If on a linux server, open jupyter with

$ xvfb-run -s "-screen 0 1400x900x24" jupyter notebook

In Jupyter

import matplotlib.pyplot as plt
%matplotlib inline
%matplotlib notebook
from IPython import display

Display iteration:

done = False
obs = env.reset()

fig = plt.figure()
ax = fig.add_subplot(111)
plt.ion()

fig.show()
fig.canvas.draw()

while not done:
    # action = pi.act(True, obs)[0] # pi means a policy which produces an action, if you have
    # obs, reward, done, info = env.step(action) # do action, if you have
    env_rnd = env.render(mode='rgb_array')
    ax.clear()
    ax.imshow(env_rnd)
    fig.canvas.draw()
    time.sleep(0.01)


回答11:

Referencing my other answer here: Display OpenAI gym in Jupyter notebook only

I made a quick working example here which you could fork: https://kyso.io/eoin/openai-gym-jupyter with two examples of rendering in Jupyter - one as an mp4, and another as a realtime gif.
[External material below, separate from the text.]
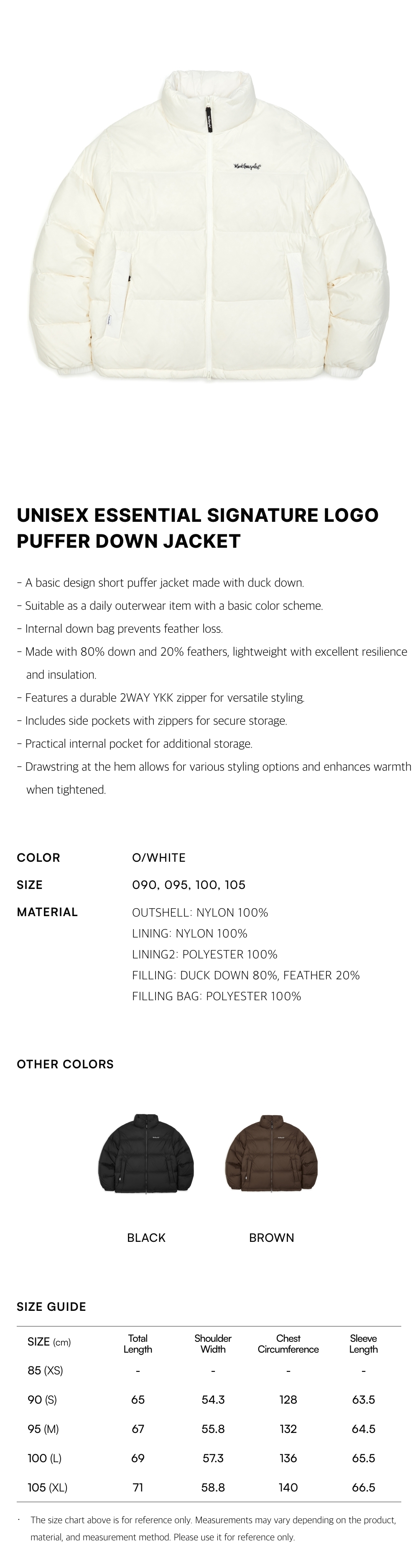 - A basic design short puffer jacket made with duck down.

The .mp4 example is quite simple.

import gym
from gym import wrappers

env = gym.make('SpaceInvaders-v0')
env = wrappers.Monitor(env, "./gym-results", force=True)
env.reset()
for _ in range(1000):
    action = env.action_space.sample()
    observation, reward, done, info = env.step(action)
    if done: break
env.close()

Then in a new cell Jupyter cell, or download it from the server onto some place where you can view the video.

import io
import base64
from IPython.display import HTML

video = io.open('./gym-results/openaigym.video.%s.video000000.mp4' % env.file_infix, 'r+b').read()
encoded = base64.b64encode(video)
HTML(data='''
    <video width="360" height="auto" alt="test" controls><source src="data:video/mp4;base64,{0}" type="video/mp4" /></video>'''
.format(encoded.decode('ascii')))

If your on a server with public access you could run python -m http.server in the gym-results folder and just watch the videos there.